1

I have a program written in NASM 64 with seven "for" loops and one conditional branch from an if statement. Valgrind shows the following branch miss stats:

==22040== Branches:       23,608,086  (23,606,080 cond +      2,006 ind)
==22040== Mispredicts:     2,307,291  ( 2,306,609 cond +        682 ind)
==22040== Mispred rate:          9.8% (       9.8%     +       34.0%   )

As an experiment, I replaced all but the outermost loop and the branch from the if statement with cmovz instructions to avoid conditional jumps.

For example:

add rcx,1
cmp rcx,[rbp-72]
jl Range_17_Loop

is replaced with:

add rcx,1
cmp rcx,[rbp-72]
cmovz r10,r11
jmp r10

in the following loop:

xor r8,r8

push r10
push r11
mov r10,[jump_17_01] ; move label1 address to r10
mov r11,[jump_17_02] ; move label2 address to r11

Range_17_Loop:

bt rcx,0
jc return_label_1

mov rax,rcx
mul rcx
mov rdx,rax
     
mov [r9+r8],rdx
     
add r8,8
return_label_1:
add rcx,1

cmp rcx,[rbp-72]
cmovz r10,r11 ; conditional branch replaced with cmovz
jmp r10
;jl Range_17_Loop

Range_17_Loop_Exit:

pop r11
pop r10

This works because we can get the address of the two labels in NASM before the outer enclosing loop begins:

mov rax,Range_17_Loop
mov [jump_17_01],rax
mov rax,Range_17_Loop_Exit
mov [jump_17_02],rax

so we can jump to either label with the address in a register.

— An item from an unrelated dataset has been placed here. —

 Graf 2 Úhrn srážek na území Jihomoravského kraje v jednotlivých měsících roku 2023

Because cmov instructions bypass branch prediction (see Why is a conditional move not vulnerable for Branch Prediction Failure?), I thought this would reduce the number of branch mispredicts. But Valgrind shows a much higher rate of branch misprediction after the change to cmovz:

==22180== Branches:       23,608,122  ( 9,846,969 cond + 13,761,153 ind)
==22180== Mispredicts:     6,267,691  (   336,434 cond +  5,931,257 ind)
==22180== Mispred rate:         26.5% (       3.4%     +       43.1%   )

So now we have gone from 9.8% branch mispredicts to 26.5%, and the execution speed is slower by 8% from before.

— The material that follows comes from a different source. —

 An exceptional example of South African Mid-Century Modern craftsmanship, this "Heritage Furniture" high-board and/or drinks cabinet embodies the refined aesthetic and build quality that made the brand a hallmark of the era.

The number of branches taken does not change much (23,608,086 vs 23,608,122) so I suspect a jmp (unconditional branch) counts as a branch, but why the much higher mispredict rate if cmov bypasses the branch prediction unit?

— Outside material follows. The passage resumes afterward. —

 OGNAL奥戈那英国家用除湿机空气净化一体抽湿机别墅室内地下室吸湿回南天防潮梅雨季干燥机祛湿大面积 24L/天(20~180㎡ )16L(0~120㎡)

The entire assembly listing is almost 600 lines long so I didn't post it here due to its length. The block posted above shows the issue, but on request I will post the whole listing.

Thanks.

Peter Cordes
  • 328,167
  • 45
  • 605
  • 847
RTC222
  • 2,025
  • 1
  • 20
  • 53
  • 4
    CMOV is a branchless select, but the `jmp r10` is *harder* to predict than a normal conditional branch that only has 2 possible destinations (fall through or taken). At least for valgrind's simulator; real CPUs (like Haswell and later with IT-TAGE predictors) may do at best equal to a normal conditional branch. – Peter Cordes Aug 25 '21 at 19:34
  • I suspected that. Cmov is often used to substitute one value for another in a math operation, but using it for branching seems -- from this experience -- not as predictable, like you said. – RTC222 Aug 25 '21 at 19:36
  • 2
    The mispredictions have basically nothing to do with cmov, everything to do with the pattern of indirect branch targets, however they're generated. The only way I could see this making sense is if there was some code-reuse with one loop where you could plug in different targets, although most likely you'd be best with a `call r10` function pointer to a function that returns with a normal `ret` to plug a different block of code into a loop. – Peter Cordes Aug 25 '21 at 19:39
  • 1
    Basically, there's no magic bullet. If this could be a win, CPUs would already be doing it internally in the implementation of `jl` – Peter Cordes Aug 25 '21 at 19:40
  • The call-return is interesting, but what about the overhead of the call? – RTC222 Aug 25 '21 at 19:42
  • 1
    That's the price you pay for being able to plug in a different block into the same loop, instead of making a separate version of the loop for each different thing you might want to inline into it. (Or JITing to do the plugging in on the fly, could be worth it for long-running loops.) call is only 2 uops vs. 1 for `jmp reg`, and `ret` is only 1, not a huge deal. (https://uops.info/ reports suspiciously bad throughput for `ret` on SKL, perhaps testing *just* ret, not call/ret, and maybe in a big sequence underflowing the RAS predictor. – Peter Cordes Aug 25 '21 at 19:50
  • 1
    I suspect call/ret would be cheaper than setting up two jump-target registers, one for the jump out of the loop and one back into it. Obviously this wouldn't be to a function that follows the ABI, so you'd just be using registers like it was part of the same function. If there's only one loop you ever want to plug blocks into, though, I guess you could use `jmp reg` to go to the right block, but have each block use `jmp rel32` to get back; direct jumps are easier for the front-end to handle, taking less time to resteer if they weren't predicted before decode. – Peter Cordes Aug 25 '21 at 19:52
  • It's worth a try, as an experiment, but I wonder how much improvement I would get. I would still need to "call" conditionally which I think would involve prediction. – RTC222 Aug 25 '21 at 19:55
  • I'm not talking about replacing the loop branch like you're doing here, I'm talking about a generic loop that always needs some extra filler. Hmm, I guess having each possible block end with an indirect branch would mean you could chain them together, but only if each block referenced a separate static storage location for its target pointer. Obviously best to just inline, but if that's prohibitive for code-size it's worth considering other options. (e.g. N different loops, each of which can use M different helper blocks, then call-reg/ret is nice). – Peter Cordes Aug 25 '21 at 20:24

0 Answers0